For now, Sage should leverage its relationship with Salesforce to target Salesforce customers that are looking for an accounting system. The most popular solution for this audience right now is FinancialForce. Intacct is also a popular provider, though it is not built natively on the Salesforce platform. With Sage Live entering the scene, Salesforce customers now have another choice.

Just as importantly, other AppExchange partners now have another choice when they are looking for a partner for accounting systems. For example, AscentERP currently partners with FinancialForce and Intacct for accounting modules to round out its manufacturing and distribution systems. Sage Live could give AscentERP another option for smaller companies.

We would first recommend, therefore, that existing Salesforce customers consider Sage Live when they are looking for a new accounting system. With these customers, the benefits of integration with Salesforce—and potentially with other AppExchange partners—may outweigh the gaps in functionality that prospects are likely to uncover. Prospects that are not running any Salesforce-based products, however, will probably find too many gaps in Sage Live at this early stage of its development.

Much Work Remains

There are three other restrictions that buyers should understand. At this time, Sage Live is only available in the US, though there are beta customers in the UK. In addition, Sage Live is targeting services businesses, which means that, for now, functionality may be lacking for product-based businesses, such as manufacturing, retail, and distribution companies. Finally, larger companies should avoid Sage Live at this time: currently Sage’s target market for this product is organizations with ten to 200 employees.

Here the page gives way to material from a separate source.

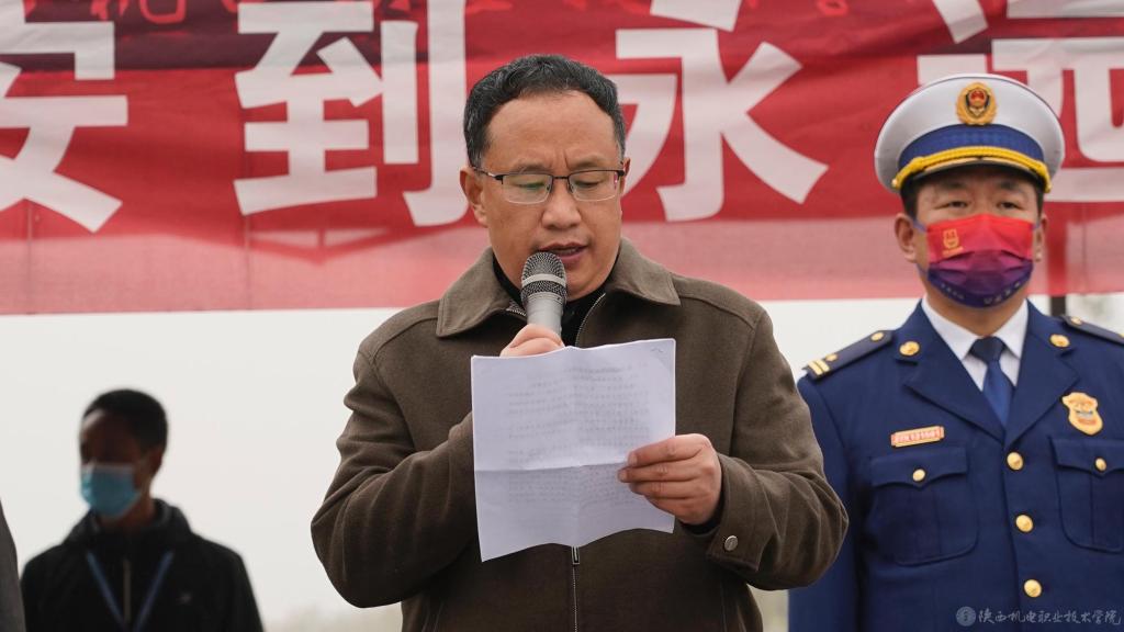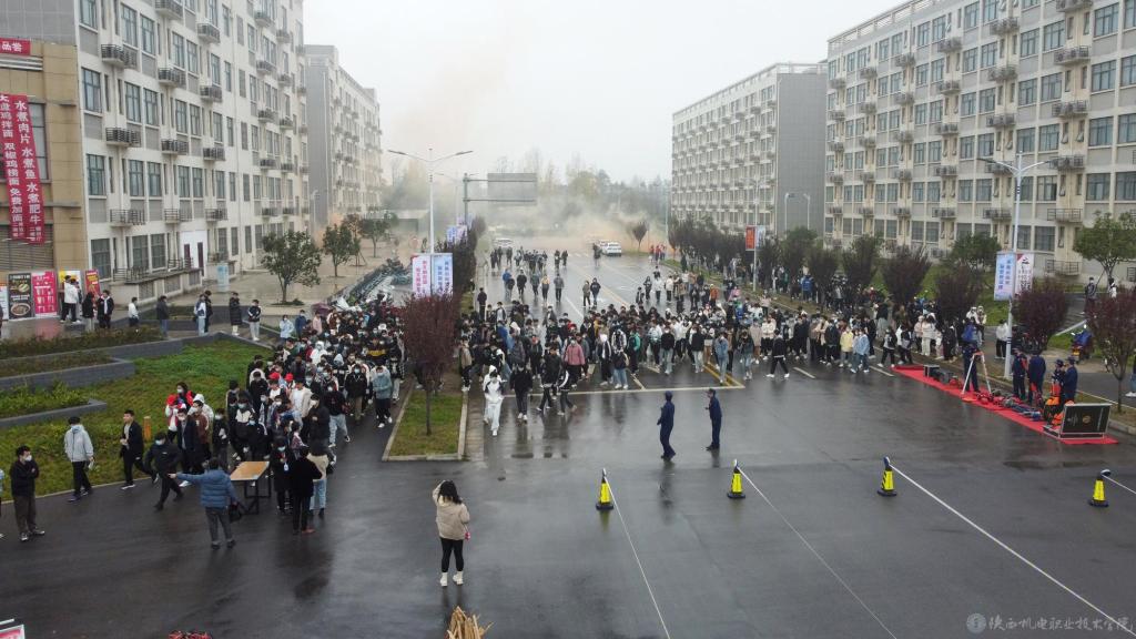 11月9日下午1點(diǎn),2022年陜西機(jī)電職業(yè)技術(shù)學(xué)院聯(lián)合寶雞市公安局、寶雞市金臺(tái)消防救援大隊(duì)在蟠龍校區(qū)龍池大道舉行全校消防應(yīng)急逃生演練。寶雞市公安局經(jīng)文保支隊(duì)雷戰(zhàn)衛(wèi)支隊(duì)長(zhǎng)、金臺(tái)消防救援大隊(duì)黃興利大隊(duì)長(zhǎng)、金臺(tái)分局經(jīng)文保大隊(duì)黨斌大隊(duì)長(zhǎng)及學(xué)院黨委書記伊遜智,黨委副書記、院長(zhǎng)向紀(jì)明,黨委副書記、紀(jì)委書記齊曉軍,副院長(zhǎng)張新堂及宣傳部部長(zhǎng)李明出席本次演練活動(dòng),活動(dòng)由保衛(wèi)處副處長(zhǎng)常小凱主持。

It remains to be seen whether Sage can penetrate Intuit’s strong market position in the US, or whether it can catch up with the established cloud financials providers. By the time it catches up, those providers are likely to have moved farther on down the road. The best bet for Sage Live, therefore, is to target the Salesforce installed base in order to gain a sufficient number of customers as references. It should use them as a test bed to build out its functional footprint. Only then will it be in a position to take on the market more broadly.

Sage Live has made good progress with less than one year of development effort. It will be interesting to see the progress that it makes by the next Dreamforce conference.